You can test any Tools we provided with some simple datas in data directory easily. For example , run quick_search_serial "data/data_for_test.txt" 10 to test the Serial Quick Search Tools in single node. Also, Some typical test sample is provided in runParaGSEALinux.sh shell script.

The whole install and test process is provided in install.sh shell script

Description of Files

Matlab Tools: matlab_for_parse/

Requirements:

  1. Matlab R2009a and above

Setting the MATLAB path:

Run cd paraGSEA/matlab_for_parse or enter the pathtool command, click "Add with Subfolders...", and select the directory paraGSEA/matlab_for_parse.

using by command line:

After you set the MATLAB path, you should enter matlab in shell to start matlab environment. Then, you can set the input and output file path in matlab environment and enter PreGSEA to parse original data.
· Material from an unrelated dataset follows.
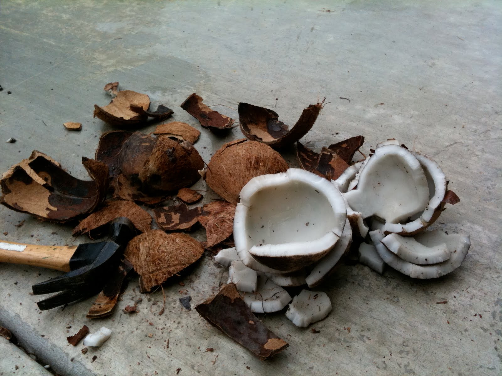 Pour out the coco water, keep or discard it’s not needed for the coconut cream or milk. Bake the coconut in the oven for 375 degrees for 20 minutes, let it cool. Now to the cracking ! Hammer in hand, get to cracking, break off the outer hard shell.
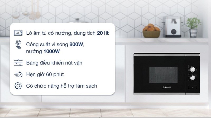Cuối cùng là sản phẩm lò vi sóng âm Bosch BFL634GB1B 21 lít đến từ thương hiệu Bosch của Đức, sản xuất tại Anh đảm bảo chất lượng vượt trội, tích hợp các tính năng hiện đại cùng thiết kế gọn gàng, lắp đặt âm tủ giúp tích kiệm diện tích và tăng thêm tính thẩm mỹ cho không gian bếp.

Or, you can use the shell script below to start matlab environment and parse original data.

% execute matlab script to parse the data  
matlab -nodesktop -nosplash -nojvm -r "file_input='../data/modzs_n272x978.gctx'; file_name='../data/data_for_test.txt'; file_name_cid='../data/data_for_test_cid.txt'; file_name_rid='../data/data_for_test_rid.txt'; PreGSEA; quit;"

Note: the example of setting input and output file path in matlab script and parse original data is shown below.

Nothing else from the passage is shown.